**Task instructions:**
Set down the data again exactly. Pictures are not part of the copy.

**Recorded information:**
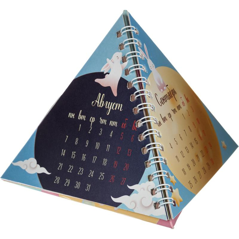 Современный календарь-пирамида необычной конструкции от «Проф-Пресс» станет незаменимым помощником и стильным украшением рабочего стола. Размер 140?140 мм, имеет 6 перекидных листов на гребне, по месяцу с каждой стороны с индивидуальным блоком на каждый месяц. Выполнен в четырех ярких дизайнах. Обложка и блок — целлюлозный картон 200 г/м2.
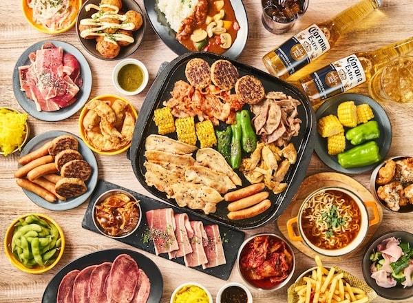 「肉食べ放題BBQビアガーデン」は、バリエーション豊かなBBQメニューが特徴。牛・豚・鶏をはじめ、「ねぎ塩タン」も食べ放題。プルコギやタッカルビ、子どもに人気のミニハンバーグやソーセージ、大人から子どもまで人気の鉄板で仕上げる「焼きそば」まで、幅広くラインナップしている。
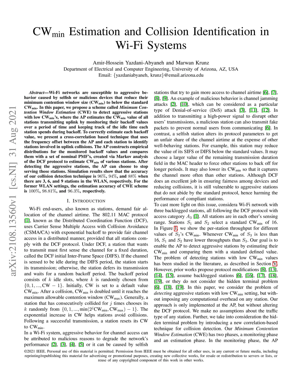 CWmin Estimation and Collision Identification in Wi-Fi Systems

**Solution to this exercise:**
 Современный календарь-пирамида необычной конструкции от «Проф-Пресс» станет незаменимым помощником и стильным украшением рабочего стола. Размер 140?140 мм, имеет 6 перекидных листов на гребне, по месяцу с каждой стороны с индивидуальным блоком на каждый месяц. Выполнен в четырех ярких дизайнах. Обложка и блок — целлюлозный картон 200 г/м2.
 「肉食べ放題BBQビアガーデン」は、バリエーション豊かなBBQメニューが特徴。牛・豚・鶏をはじめ、「ねぎ塩タン」も食べ放題。プルコギやタッカルビ、子どもに人気のミニハンバーグやソーセージ、大人から子どもまで人気の鉄板で仕上げる「焼きそば」まで、幅広くラインナップしている。
 CWmin Estimation and Collision Identification in Wi-Fi Systems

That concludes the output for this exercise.